Task goal: The required answer is the run of lines from the one holding "Ótimo para casa" to the end of the data below, copied exactly and free of pictures.

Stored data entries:
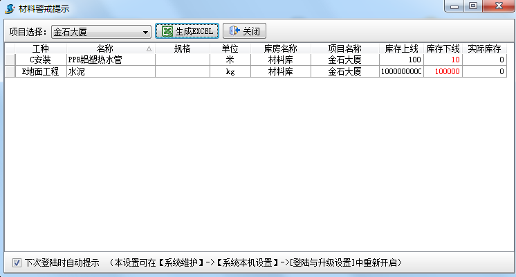 我們也可以設(shè)置登錄軟件時自動提示庫存警戒。設(shè)置好之后當(dāng)材料的庫存量達(dá)到了預(yù)警設(shè)置中設(shè)置的上限或者下限,登錄時會自動彈出提示。
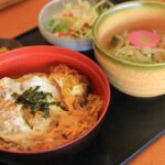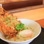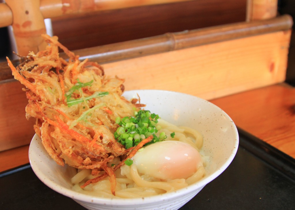 器からはみ出すほど大きいかき揚げの乗った「かきあげ釜玉480円」、うどんとサラダの付いてくる「かつ丼セット730円」と「からあげセット730円」は中でも人気のメニュー!
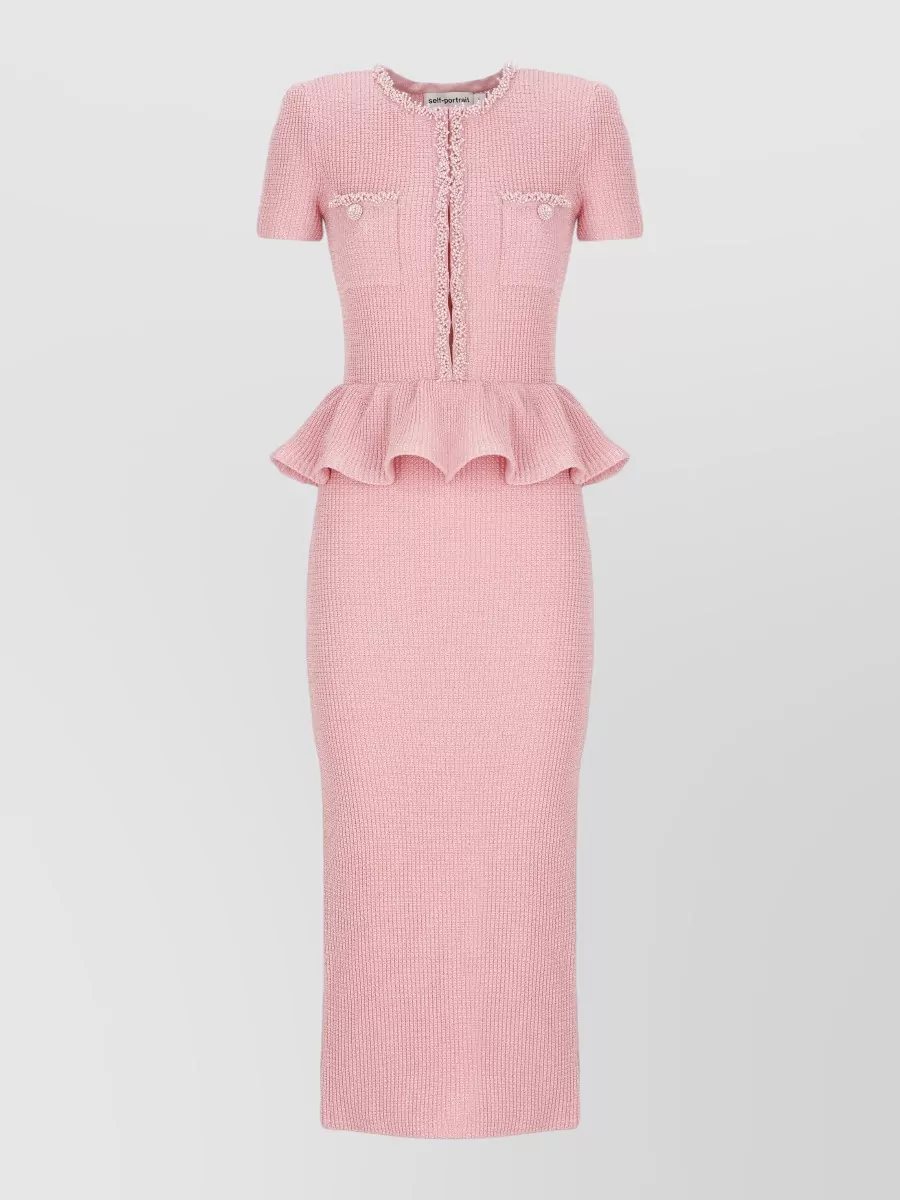 Self-Portrait knee length dress peplum detail buttons
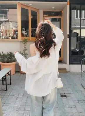 シースルーカラー長袖ルーズボタンリンクルシャツ
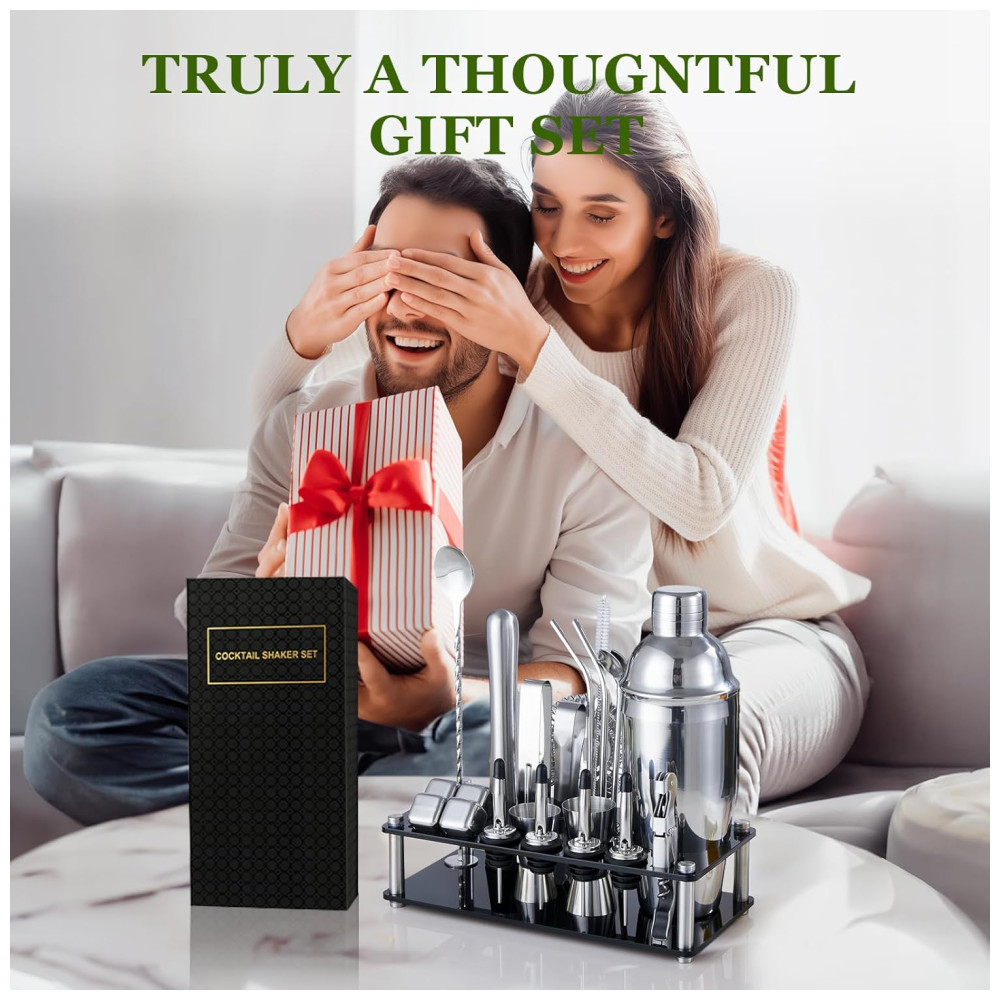 Ótimo para casa ou festa É uma boa escolha para os amantes de coquetéis, fornece a você a melhor maneira de entreter seus convidados na festa. Ele vem com nossos cartões de receitas exclusivos para uma experiência de mistura maravilhosa, independentemente de você já ter feito uma experiência de coquetel Nosso conjunto de ferramentas para bar de 23 peças pode torná lo tão profissional ao misturar bebidas em sua festa ou em casa. Além disso, o kit bar é feito de forma elegante, o que significa que você pode dá lo como um presente perfeito para sua família e amigos quando quiser
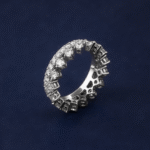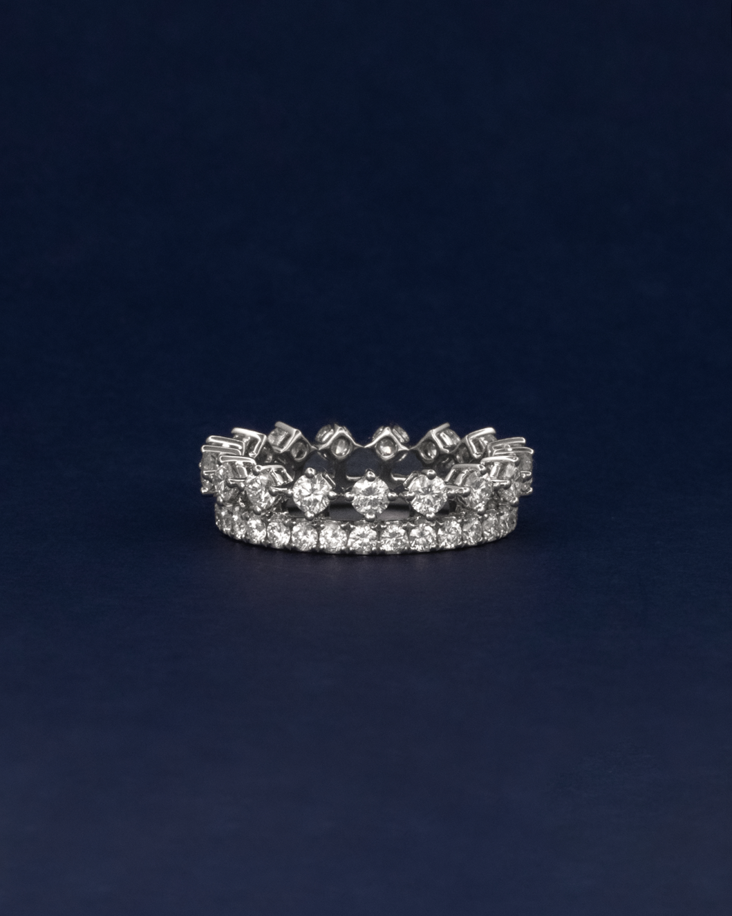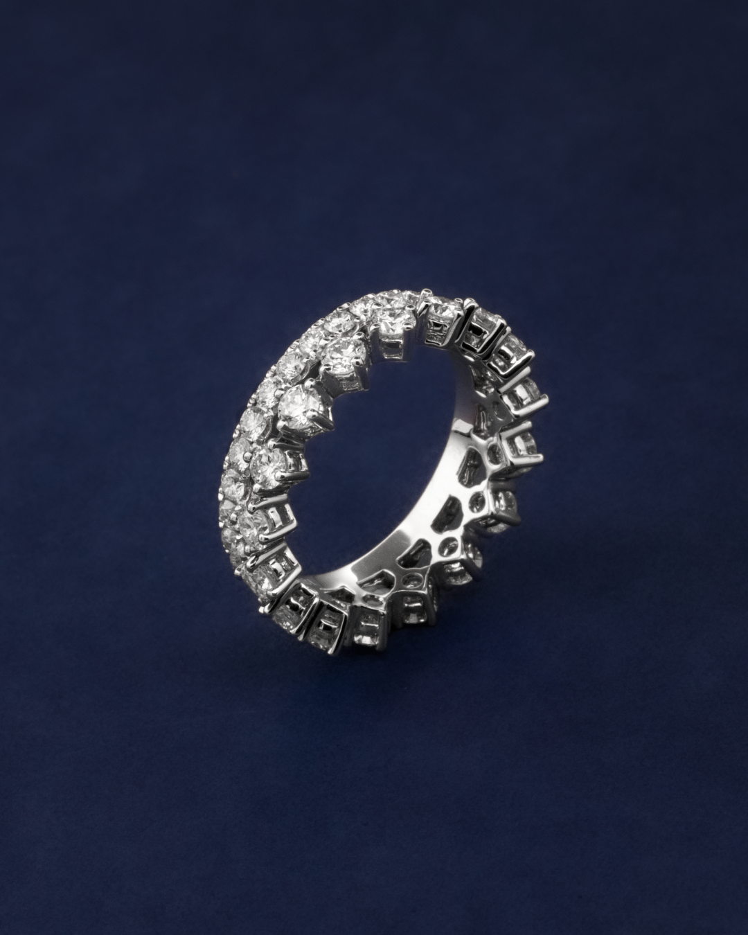 The expertly arranged round-cut diamonds create a continuous shimmer, enhancing the ring’s refined design and delivering a timeless, luxurious appeal.

Answer section:
 Ótimo para casa ou festa É uma boa escolha para os amantes de coquetéis, fornece a você a melhor maneira de entreter seus convidados na festa. Ele vem com nossos cartões de receitas exclusivos para uma experiência de mistura maravilhosa, independentemente de você já ter feito uma experiência de coquetel Nosso conjunto de ferramentas para bar de 23 peças pode torná lo tão profissional ao misturar bebidas em sua festa ou em casa. Além disso, o kit bar é feito de forma elegante, o que significa que você pode dá lo como um presente perfeito para sua família e amigos quando quiser
 The expertly arranged round-cut diamonds create a continuous shimmer, enhancing the ring’s refined design and delivering a timeless, luxurious appeal.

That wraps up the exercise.